Still, the gap between blacks and whites persisted in the most recent 10-year period, even as the happiness levels of men and women evened out, Yang said.
And what of the Baby Boomers and their supposed inability to be as happy as other generations? "This is probably due to the fact that the generation as a group was so large, and their expectations were so great, that not everyone in the group could get what he or she wanted as they aged due to competition for opportunities," Yang said in a statement. "This could lead to disappointment that could undermine happiness."

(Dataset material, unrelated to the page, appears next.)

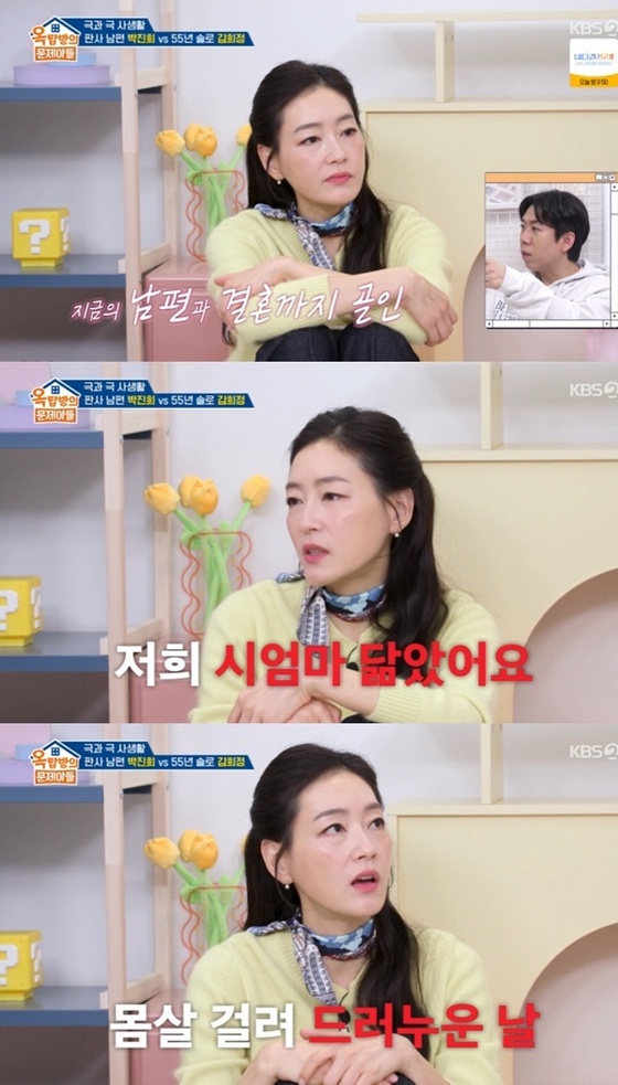 지난 12일 오후 방송된 KBS 2TV 예능 프로그램 '옥탑방의 문제아들'(이하 '옥문아')에서는 드라마 '붉은 진주'의 주역 박진희와 김희정이 퀴즈에 도전했다.

As for the seeming happiness of older people, there are plenty of theories. One explanation "has to do with the human tendency to make social comparisons: If people compare themselves to others and figure they're better off than some other people their age, they are likely to feel happier than if they think they're worse off than others," said Rosemary Blieszner, a professor of human development at Virginia Tech.
Perception may play a role in the big picture. Americans assume that older people are unhappy, because they seem to have "no exciting jobs, no passionate sex lives, and poor health and a lot of wrinkles," said Sonja Lyubomirsky, a professor of psychology at the University of California at Riverside.
The reality may be very different.
In another study in the same issue of the journal, University of Chicago researchers reported that, contrary to popular thought, older people do stay social as they age, often volunteering, attending religious services, and spending time with their neighbors.